Having finished my task of gooseberry picking, I asked where the two ladies and their brother were now.

“Gone over to Morton for a walk; but they would be back in half-an-hour to tea.”

They returned within the time Hannah had allotted them: they entered by the kitchen door. Mr. St. John, when he saw me, merely bowed and passed through; the two ladies stopped: Mary, in a few words, kindly and calmly expressed the pleasure she felt in seeing me well enough to be able to come down; Diana took my hand: she shook her head at me.

“You should have waited for my leave to descend,” she said. “You still look very pale—and so thin! Poor child!—poor girl!”

Diana had a voice toned, to my ear, like the cooing of a dove. She possessed eyes whose gaze I delighted to encounter. Her whole face seemed to me full of charm. Mary’s countenance was equally intelligent—her features equally pretty; but her expression was more reserved, and her manners, though gentle, more distant. Diana looked and spoke with a certain authority: she had a will, evidently. It was my nature to feel pleasure in yielding to an authority supported like hers, and to bend, where my conscience and self-respect permitted, to an active will.

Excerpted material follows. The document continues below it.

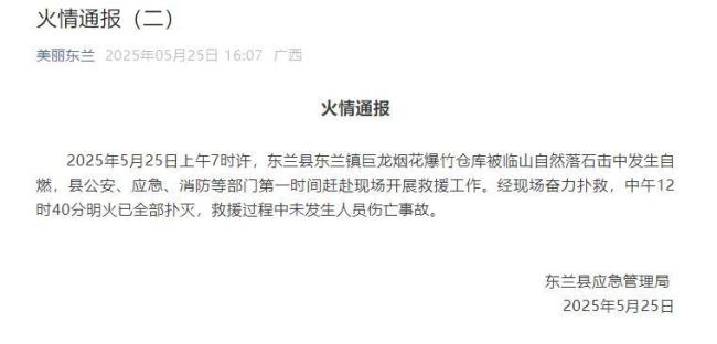 5月25日上午7时许,广西河池东兰县东兰镇巨龙烟花爆竹仓库被临山自然落石击中发生自燃。县公安、应急、消防等部门迅速赶往现场进行救援。经过奋力扑救,中午12时40分明火已全部扑灭。整个救援过程中没有人员伤亡。

“And what business have you here?” she continued. “It is not your place. Mary and I sit in the kitchen sometimes, because at home we like to be free, even to license—but you are a visitor, and must go into the parlour.”

“I am very well here.”

“Not at all, with Hannah bustling about and covering you with flour.”

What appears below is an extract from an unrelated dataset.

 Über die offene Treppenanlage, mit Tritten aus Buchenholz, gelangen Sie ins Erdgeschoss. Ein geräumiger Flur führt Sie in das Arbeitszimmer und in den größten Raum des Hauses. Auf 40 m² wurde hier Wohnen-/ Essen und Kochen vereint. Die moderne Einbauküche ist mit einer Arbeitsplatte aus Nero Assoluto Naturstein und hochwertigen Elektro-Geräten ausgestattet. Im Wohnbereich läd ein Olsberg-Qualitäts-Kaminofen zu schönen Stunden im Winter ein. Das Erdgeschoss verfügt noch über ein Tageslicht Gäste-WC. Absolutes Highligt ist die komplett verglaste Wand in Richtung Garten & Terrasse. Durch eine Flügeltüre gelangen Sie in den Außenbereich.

“Besides, the fire is too hot for you,” interposed Mary.

“To be sure,” added her sister. “Come, you must be obedient.” And still holding my hand she made me rise, and led me into the inner room.

“Sit there,” she said, placing me on the sofa, “while we take our things off and get the tea ready; it is another privilege we exercise in our little moorland home—to prepare our own meals when we are so inclined, or when Hannah is baking, brewing, washing, or ironing.”